Nightlife tells the story of two brothers. Cal - the younger brother who is half human / half 'monster' and Niko the older brother who will do whatever it takes to protect his sibling from the creatures that constantly pursue them.
The story is told by Cal the younger brother, who makes for a cynical protagonist, with an extremely cutting sense of humour. It's interesting how when the style of narration changes (Cal undergoes something of a transformation halfway through) that underlying humour is still there, albeit with a much nastier twist.
It does take a couple of chapters for the story to get going, but almost without realising it, you are slowly drawn into Cal and Niko's world. And once you are in there it becomes very hard to put the book down. Although the major focus of the story is the relationship between the two brothers and their struggle to survive, the world is populated with interesting and original secondary characters - Boggy, Georgina, Robin Goodfellow (yes, that Robin Goodfellow :) ), Promise and Abbagor. It's made very clear that these are creatures / people who all have their own agendas and problems to deal with and who don't necessarily have the welfare of the brothers at heart. It's refreshing not to have the good guys and the bad guys made completely obvious.
Because there is a major change in protagonist behaviour halfway through, this is a book of two halves.
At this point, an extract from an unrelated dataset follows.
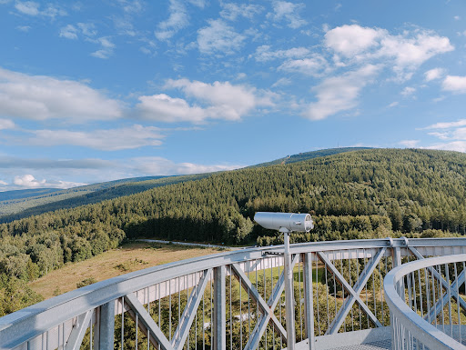 Read moreWieża widokowa oddalona zaledwie ok 20 minut pieszej wędrówki od wyciągu, również można w jej pobliże podjechać samochodem i zaparkować go za darmo przy głównej trasie. Wieża znajduje się na szczycie góry Młynica (653 m.n.p.m.) ale nie ma co się martwić jeżeli dojedziemy tam samochodem to jest płaska trasa. Wieża ma dwa podesty widokowe jedne na wysokości 15,5 m a drugi na wysokości 23,7 metra całośośc jest wysoka na 33,8 metra. Żeby dojść na sam szczyt trzeba pokonać 148 schodów. Całość wykonana jest ze stali. Wieża jest młodszą darmową "siostrą" płatnej wieży Sky Walk. Na szczycie wieży znajdują się darmowe lunety do oglądania okolicy oraz tabliczki z oznaczeniami jakie atrakcje znajdują się daleko przed nami i na co aktualnie patrzymy. Wieża nie jest mocno turystycznie oblegana więc polecam odwiedzić ją jako taki max. 2 godzinny spacer ze Świeradowa (w obie strony). Przy wieży znajduje się miejsce z pieczątką gdzie młodzi wędrowcy mogą sobie wbić ją do zeszytu zdobycie kolejnego szczytu. Widok mamy z tego punktu całą panoramę miasta, okolic i...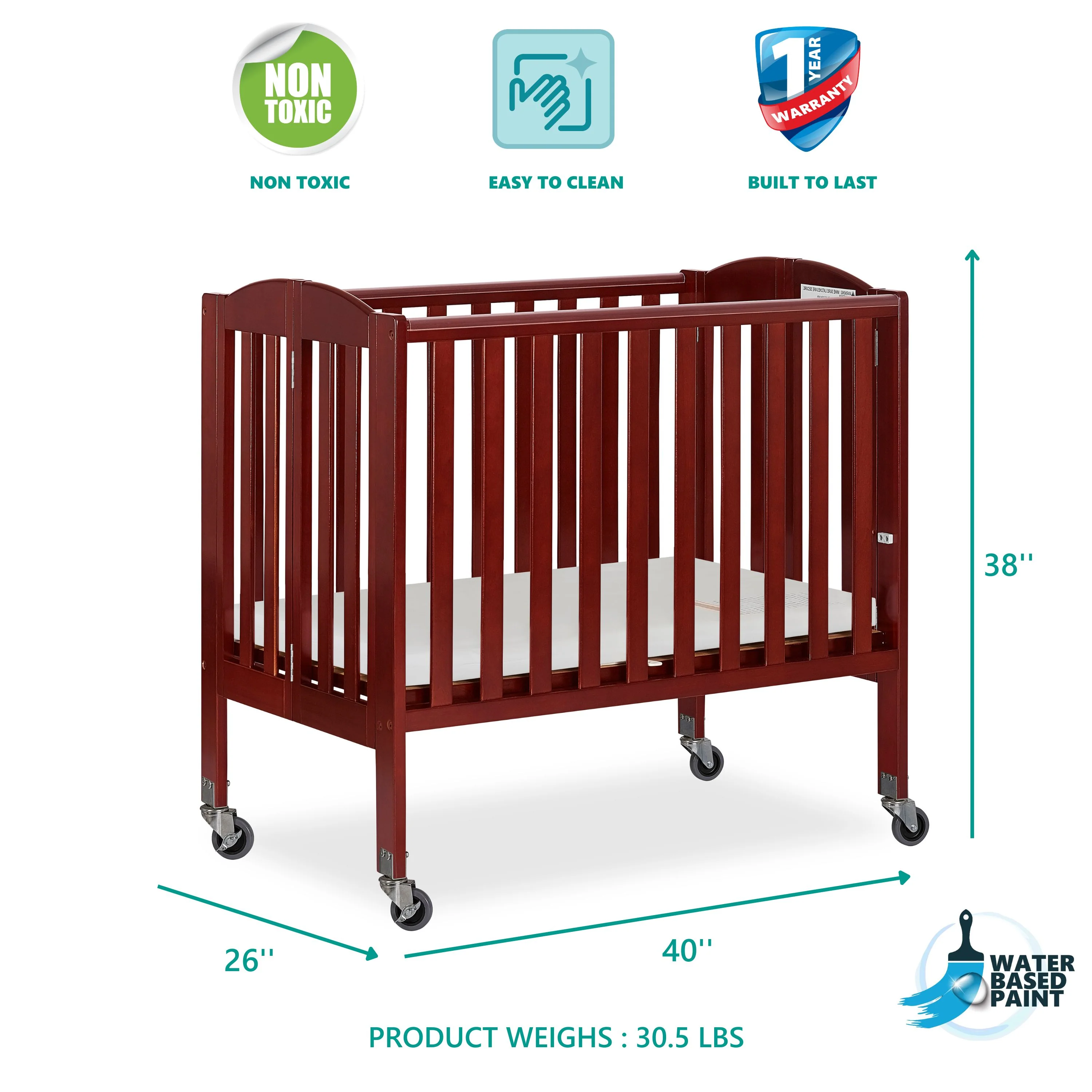 - Crib dimensions are 40L x 26W x 38H, It weighs 30.5 lbs, Don’t expose your furniture to strong sunlight or extreme changes in temperature or moisture which can damage or fade its color

The change is very much a necessary part of the plot, but I did prefer the narration of the first half more, finding that because there was less interaction with other characters in the second half it did get slightly bogged down in exposition.
Having said that I recommend this book for anyone who's looking for something a little different in the Urban Fantasy line. (Definitely worth checking out if you like the Ukiah Oregon series by Wen Spencer.)
Moonshine the second book in the series is also available.